We've already talked about time and date handling a bit, but I use this a lot, so we can talk about it more! Pandas was created to handle Financial data and do financial modeling. This lineage has given pandas really excellent time handling. The main objects are

  * **Time Stamps**: Specific points in time usually recorded to the second or nanosecond
  * **Time Intervals/Time Deltas**: These types lets you do arithmetic on time objects

We need some dates to play with. There's a convenience function called `to_datetime` which can convert many "human readable" dates to a pd.Timestamp object

In [None]:
from datetime import datetime

moonwalk = pd.to_datetime('July 20, 1969, 20:17 UTC')
moonwalk

Timestamps have attributes which let you extract days, year, etc. Normally these will be reported as numbers, but the strftime method supports the usual format specifiers (The correspond with the libc specifiers, here's a reference http://strftime.org/)

In [None]:
print(f"The moon walk took place on a {moonwalk.strftime('%A')}")

In [None]:
pd.to_datetime(datetime.utcnow(), utc=True)

Let's look at another sample dataset, it contains three colums

  * year
  * month
  * passengers
  
We can combine the year and month to create a date, then we can use the result as the index for a single column dataframe

In [None]:
flightsDF = pd.read_csv(
    'https://raw.githubusercontent.com/mwaskom/seaborn-data/master/flights.csv',
    parse_dates=[['year','month']],
    index_col='year_month'
)
flightsDF.head()

In [None]:
flightsDF.dtypes

Now we can index based on date. Let's look at the number of flights in the 1951

In [None]:
flightsDF['1951':'1952'].plot(kind='bar')

Timestamp objects can also deal with arithmetic

In [None]:
flightsDF.index[-1] - flightsDF.index[0]

In [None]:
pd.date_range('2019-06-24 09:00', periods=10, freq='H')

One extremely useful feature with time series is the ability to resample existing time series. For example, we could resample the flight data into year long bins and look at how the mean passenger count increased

In [None]:
flightsDF.resample('Y').mean().plot(kind='bar')
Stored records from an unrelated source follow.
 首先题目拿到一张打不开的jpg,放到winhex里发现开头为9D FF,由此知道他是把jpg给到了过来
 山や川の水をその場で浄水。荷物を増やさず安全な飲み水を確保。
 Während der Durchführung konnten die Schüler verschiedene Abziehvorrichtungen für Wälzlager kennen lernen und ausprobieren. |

## Grouping, Joining, Concatenating

You can get pretty far by jamming everything into a single dataframe, but sometimes you might want to do aggregate operations within a dataframe (e.g. group together all of the rows by year and show the mean value of some other column). Alternatively you might want to add new rows to or columns to an existing DataFrame or join dataframes based on shared key.


In [None]:
carsDF = pd.read_csv(
    'https://raw.githubusercontent.com/mwaskom/seaborn-data/master/mpg.csv'
)
carsDF.head()

### Groupby
Let's group things by number_of_cylinders and see how that affects mpg...

In [None]:
carsDF['mpg'].mean()

Calling groupby on it's own will give you a `DataFrameGroupBy` object, you have to tell it what you want to do with the groups to actually see some results, this can be convenient if you want to look at different aggregate functions on the same groups.

In [None]:
carsDFbyCylinders = carsDF.groupby('cylinders')
carsDFbyCylinders

The typical aggregate operations are things like

  * mean()
  * sum()
  * median()
  * min()/max()

In [None]:
carsDFbyCylinders.mean()

Group the carsDF by model_year and look at the median mpg (don't include the other columns)

In [None]:
carsDF.groupby('model_year')['mpg'].median()
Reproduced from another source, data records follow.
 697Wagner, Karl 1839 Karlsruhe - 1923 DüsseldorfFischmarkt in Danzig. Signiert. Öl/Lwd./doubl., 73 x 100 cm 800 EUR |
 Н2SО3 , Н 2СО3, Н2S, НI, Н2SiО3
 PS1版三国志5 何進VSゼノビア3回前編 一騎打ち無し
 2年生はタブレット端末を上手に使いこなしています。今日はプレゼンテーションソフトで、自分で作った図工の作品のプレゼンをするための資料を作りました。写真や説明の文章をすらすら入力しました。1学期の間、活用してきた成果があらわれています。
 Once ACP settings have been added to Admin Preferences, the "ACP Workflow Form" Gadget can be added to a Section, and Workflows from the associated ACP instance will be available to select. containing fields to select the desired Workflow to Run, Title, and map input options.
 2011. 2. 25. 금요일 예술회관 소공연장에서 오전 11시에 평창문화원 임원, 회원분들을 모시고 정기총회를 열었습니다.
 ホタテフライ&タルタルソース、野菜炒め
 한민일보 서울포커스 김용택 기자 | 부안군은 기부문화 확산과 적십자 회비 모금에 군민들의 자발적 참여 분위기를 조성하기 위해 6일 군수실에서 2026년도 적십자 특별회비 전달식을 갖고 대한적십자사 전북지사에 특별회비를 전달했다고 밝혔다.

You can actually do much more with groupby, you can iterate over the groups

In [None]:
for vroom, group in carsDFbyCylinders:
    print(f"There are {group.shape[0]} cars with {vroom} cylinders")

How are there possibly 4 cars with 3 cylinders?!
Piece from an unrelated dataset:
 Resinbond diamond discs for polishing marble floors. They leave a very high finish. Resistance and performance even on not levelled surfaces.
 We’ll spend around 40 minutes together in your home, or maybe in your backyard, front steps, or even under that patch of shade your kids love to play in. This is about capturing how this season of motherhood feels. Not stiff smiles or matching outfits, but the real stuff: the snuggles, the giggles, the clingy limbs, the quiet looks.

We can apply multiple operations at the same time. The `.aggregate()` method can take a list of the operations you want to perform (e.g. ["max", "min"])

In [None]:
carsDFbyCylinders['mpg'].aggregate(["min","max"])

We can filter based on group, this is a silly example, but group the cars by cylinder, then show me all of the groups with a mean mpg > 15.

In [None]:
carsDFbyCylinders.filter(lambda x: x['mpg'].mean()>15).head()

The transform method lets you perform a group operation then use the results to update the rows. For example, we could calculate mean values for our groups, then look at how individual cars perform relative to that

In [None]:
carsDFbyCylinders.transform(lambda x: x - x.mean()).head()

There is also an apply method which is even more general and will let you apply an arbitrary function to the group results.

## Concatenate & Join

There are a handful of functions which handle concatenation. The main workhorse is `pd.concat`, but there are some convenience functions which will let you avoid passing lots of arguments to concat. You can combine either `Series` and `DataFrames` but we'll jump straight to `DataFrames`,

In [None]:
s1 = pd.DataFrame(
    {
        'upper': ['A', 'B', 'C'], 
        'lower': ['a', 'b', 'c']
    }, 
    columns=['upper', 'lower'], 
    index=[1,2,3]
)

s2 = pd.DataFrame(
    {
        'upper': ['D', 'E', 'F'],
        'lower': ['d', 'e', 'f']
    }, 
    columns=['upper', 'lower'],
    index=[4,5,6]
)

pd.concat([s1,s2])

Notice that we enclosed the thigs we want to join as some sort of iterable (a `list` here).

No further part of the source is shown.